Он попытался знаками спросить хросса, что представляют
собой похожие на облака розовые образования. Но вопрос был
слишком сложен, чтобы передать его жестикуляцией. Судя по
ответным знакам хросса (его гибкие руки метались в воздухе, как
два хлыста), он решил, что Рэнсома интересует вся область
возвышенности. Называлась она "харандра". Залитая водой
низменность -- ущелье или каньон -- носила название
"хандрамит". Рэнсом понял значение этих слов так: "хандра" --
земля, "харандра" -- высокая земля, горы, "хандрамит" -- низкая
земля, долина. Короче говоря, возвышенность и низменность.
Позднее ему предстояло узнать, как много значит это
географическое отличие для жителей Малакандры.

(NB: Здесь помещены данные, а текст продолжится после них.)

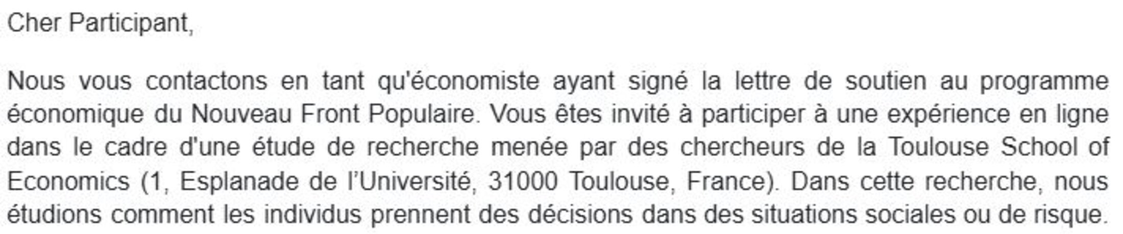 Ce questionnaire a été conçu et diffusé par une équipe de la Toulouse School of Economics (TSE). Il est important de noter que cette équipe n’a aucun lien avec le site web qui a accueilli la lettre de soutien des signataires ni avec le Nouveau Front Populaire (NFP) lui-même. Leur initiative semble donc totalement indépendante de l’organisation politique ou des promoteurs de cette lettre.
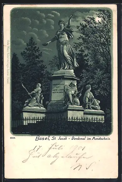 Lithographie Basel, St. Jacob-Denkmal im Mondschein
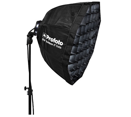 This 50° Profoto Softgrid for OCF Softbox tunnels the light of the 2' Octa softbox forward while it helps control spill and directs the light only where you want it. The grid has a clever design for mounting that entails slipping an outer skirt over front face of the softbox, thus eliminating light leaks found in some units using touch fasteners. The fabric folds down to a fraction of its open size or can be folded while mounted along with the softbox.
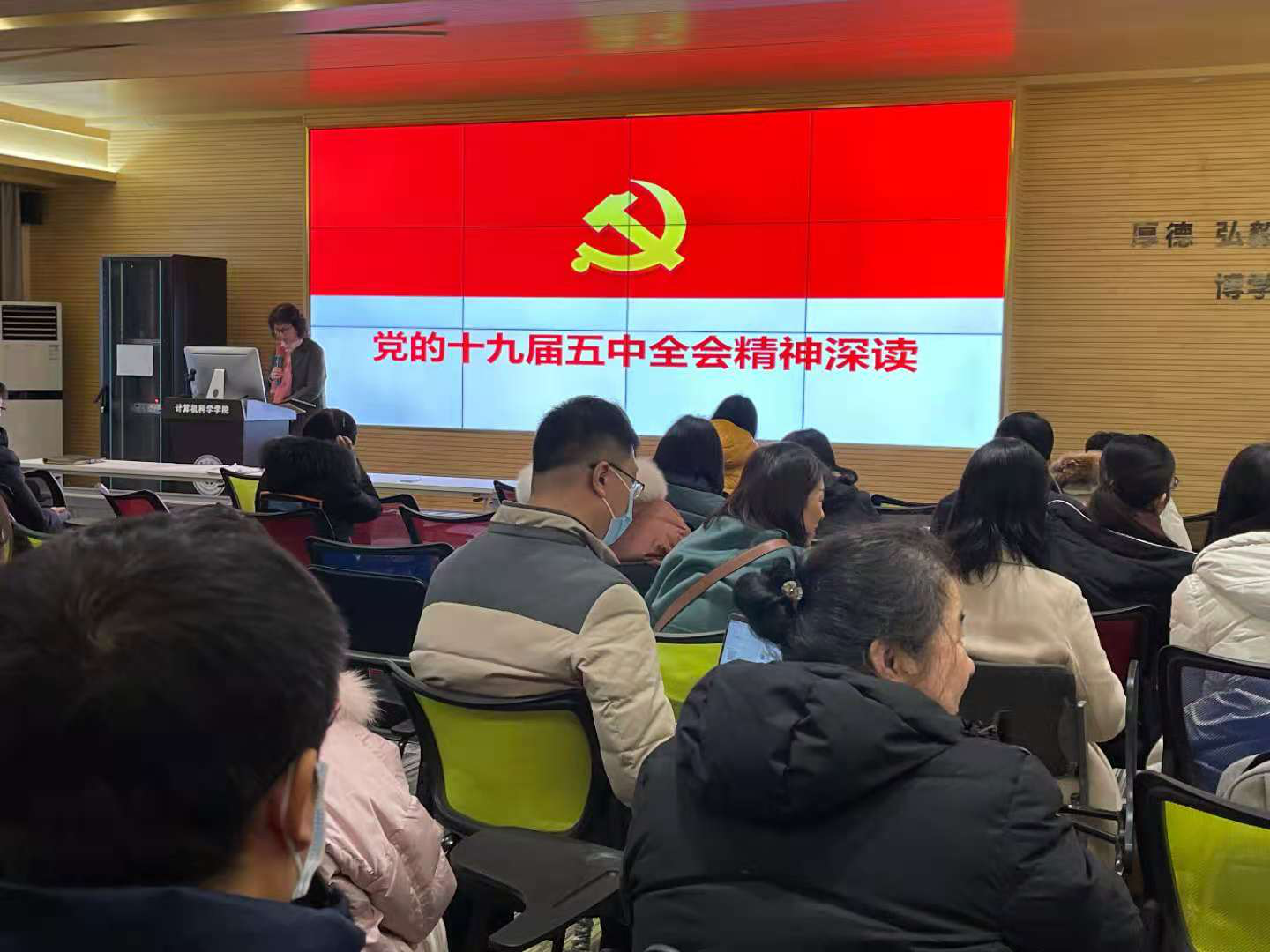 随后,学院党委书记王雅慧对学院党建工作、稳定安全及意识形态工作、党风廉政建设、师德师风以及教职工政治理论学习等工作进行了通报,就各项工作的进一步推进做了安排。同时组织学习了学校《关于加强今冬明春校园消防安全工作的通知》,介绍了学校创建省级“文明校园”和“平安校园”进展情况,强调了稳定安全工作和意识形态工作的重要性,重申了《新时代高校教师职业行为十项准则》,对师德师风提出要求。随后,王雅慧传达了《全国普通高校毕业生就业创业工作网络视频会议》和《学习贯彻党的十九届五中全会精神省委宣讲团报告会》精神,对党的十九届五中全会精神的重要内容进行了解读。她要求大家:一是强化安全意识,守住安全底线,确保学院稳定安全;二是强化师德修养,严守师德规范,做“四有”好老师;三是强化理论武装,深入贯彻落实党的十九届五中全会精神,立足岗位做贡献。

К этому времени хросс достиг места, куда так тщательно
правил. Примерно в двух милях от суши он вытащил весло из воды
и весь как-то подобрался. В ту же минуту лодка задрожала и
стрелой полетела вперед. Несомненно, хросс воспользовался
течением. Скорость достигала пятнадцати узлов. При этом лодка
скакала вверх и вниз на перпендикулярной волне какими-то дикими
рывками. Это было похуже самой неприятной зыби на Земле. Рэнсом
вспомнил, как несладко ему приходилось на военной службе верхом
на лошади, идущей рысью. Он вцепился в планшир, другой рукой
утирал пот со лба: от воды поднимался гнетущий жар. Может быть,
местная еда и тем более питье все-таки не подходят
человеческому желудку? Слава Богу, он не подвержен морской
болезни! Ну, скажем, не очень подвержен... Ну...
Он поспешно свесился за борт. Жар ударил ему в лицо.
Почудилось, будто в толще воды играют длинные серебряные угри.
Раз за разом постыдные приступы повторялись. Несчастный Рэнсом
отчетливо вспомнил, как сгорал со стыда, когда его стошнило на
детском утреннике -- давным-давно, на планете, где он родился.
Сейчас было так же стыдно. Подумать только, в каком виде первый
представитель человечества явился перед инопланетянином!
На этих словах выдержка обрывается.